E.B. Writers of Dallas

Cochlear implants for the very young

Wayne Epperson, correspondent | publication pending

Sarah Florence’s voice conveys a blend of excitement, compassion and optimism as she tells of the people she encounters in her chosen profession. If one word could describe her work, it would be altruistic.

Ms. Florence is an audiologist and speech-language therapist who specializes in helping hearing impaired children on their journey to a life of sound and communication.

She works at the University of Texas at Dallas Callier Center for Communication Disorders and was there in April when 15-month-old twin boys from Lubbock heard sound for the first time.

Hunter and Haydn Corker, fraternal twins sons of Bobby and Karen Corker, were born deaf and had received cochlear implant hearing devices the month before during surgery performed by Dr. Peter Roland at Children’s Medical Center of Dallas.
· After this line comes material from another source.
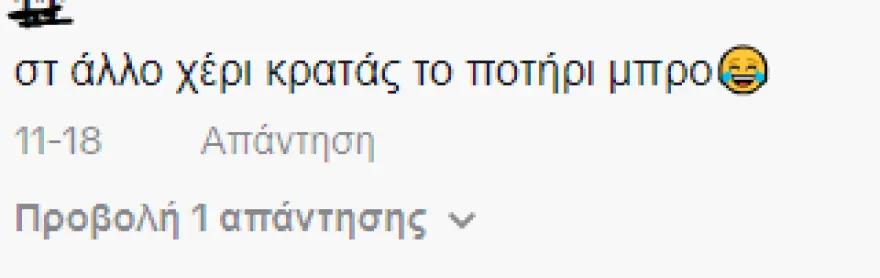«Τι κρατάει ακριβώς στο χέρι;» γράφουν στο βίντεο. «Στο άλλο χέρι κρατάς το ποτήρι» πρόσθεσε ένας άλλος. Ορισμένοι χρήστες της πλατφόρμας άνοιξαν συζήτηση σχετικά με το αν κρατάει κάτι, που δεν φαίνεται στην κάμερα. Οι περισσότεροι, ωστόσο, κατέληξαν στο ότι ο ίδιος απλά είχε ξεχαστεί και νόμιζε πως κρατούσε το ποτήρι του.

The family was at the Callier Center that April day for the implants to be activated in an initial stimulation process called mapping, or programming.

The twins each had received a single cochlear implant that consists of an external system of a microphone, speech processor and transmitter, and an electrode array surgically implanted into the cochlear of their left inner ear. The implant bypasses the outer and middle ear functions and sends electronic sound stimulation directly to the remaining auditory nerve fibers then to the brain where it is interpreted as sound.

During mapping, each channel, or frequency range, of the multi-channel device was first checked with an electronic beep to assure the sound level was not creating an uncomfortable sensation for either child. “We start really softly so we can come up very slowly as we go through the different pitches. We’re looking for that first response to the beeping,” says Ms. Florence.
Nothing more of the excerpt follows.